Cybercriminals today are more deceptive with their techniques than ever. Some of the fraudulent messages they send through phishing attacks look as close to the real deal as possible. A recent example was a fake Netflix email, tricking customers into revealing their credit card information.

Although, not all scams are initiated through malicious messages. There is a new malware attack involving bait-and-switch websites that you need to know about.

If you are a Google Chrome user, this affects you. Hackers have discovered a way to break into websites that have weak security, so they can fool visitors into downloading malware.

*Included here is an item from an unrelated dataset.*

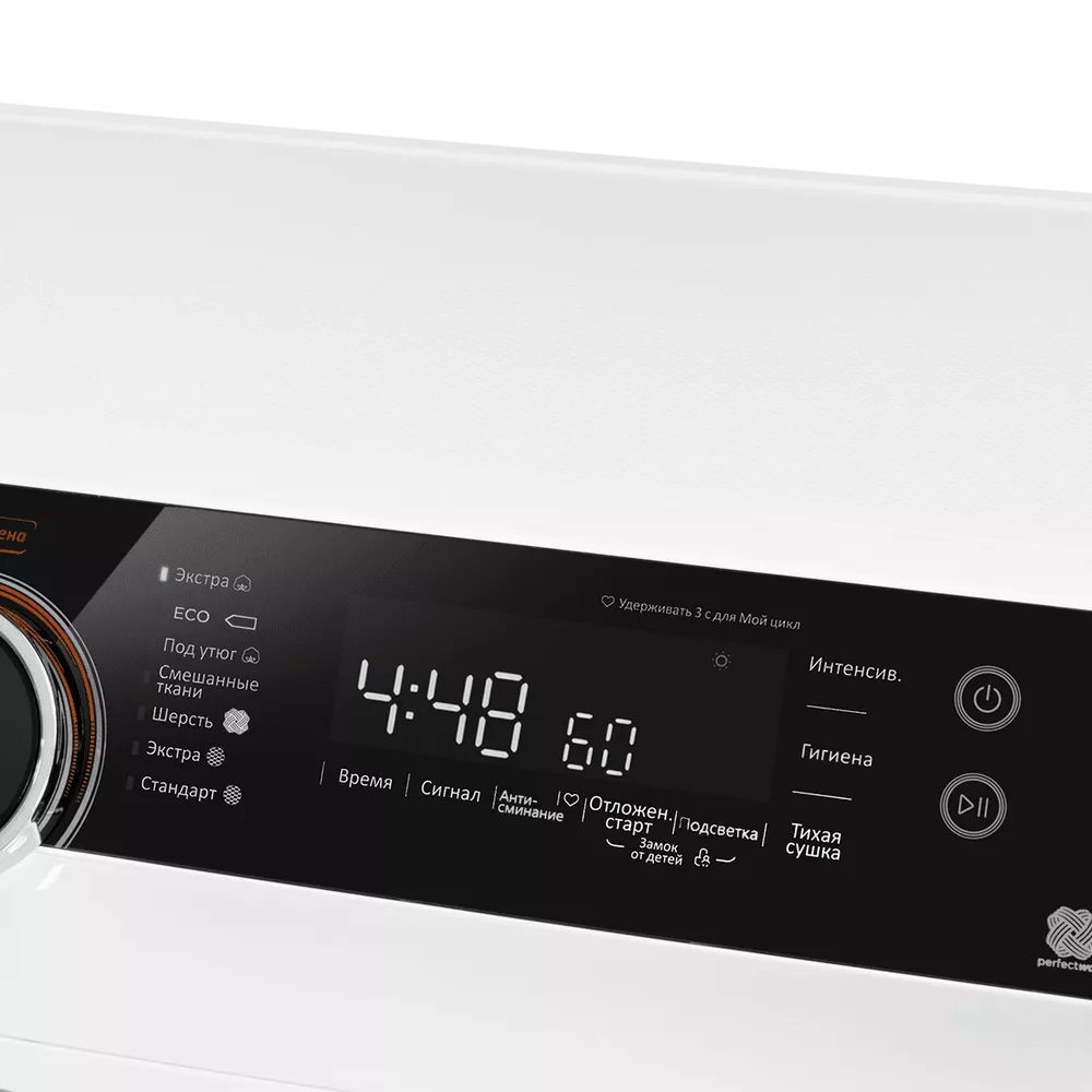 За комфорт и долговечность отвечает инверторный двигатель, снижающий шум до 66 дБ и износ узлов. Удобное сенсорное управление с информативным дисплеем облегчает настройку параметров — можно изменять температуру в диапазоне 20–70 °C и сохранять любимые настройки в «Моём режиме». Внутренняя подсветка помогает контролировать процесс, а режим «Без складок» сокращает время на глажку.

How the malware scam works

Three factors are needed for this scam to be successful:

  1. Victim is using the Chrome Browser on a Windows machine.
  2. Victim lives in an English speaking country – The U.S., U.K., Canada and Australia are being targeted.
  3. Victim is sent to the malicious site through search engine results (You would have to click the link to the site that shows up in a search).

If all of these factors are in place, you could fall victim to this attack.

What’s happening is, hackers are inserting JavaScript into poorly secured websites. If you’re using Chrome and click the link from a search engine result, the script makes the website unreadable. You will see a bunch of gibberish, or “diamonds,” making it impossible to read.

When you realize the page is unreadable, a fraudulent Chrome message appears. It says that “The ‘HoeflerText’ font wasn’t found,” which is why you can’t read the page.  You’re then asked to update the “Chrome Font Pack.”


Image: Fraudulent message asking you to update the Chrome Font Pack. (Source: Proofpoint)

Warning! Clicking on the Update button on this message will infect your gadget with click-fraud adware.

Hidden ads will be loaded and clicked on automatically. This is how the criminal gets paid, by ripping off legitimate ad networks.

At this time the risk to Chrome users is their gadget is infected with click-fraud adware. However, this scheme could change at a moment’s notice. The hacker could change the malicious link into something worse, like encrypting ransomware.

The best defense is knowing what to look for. If you visit a site and it asks you to download a font update, do NOT do it! It’s always better to be safe than sorry.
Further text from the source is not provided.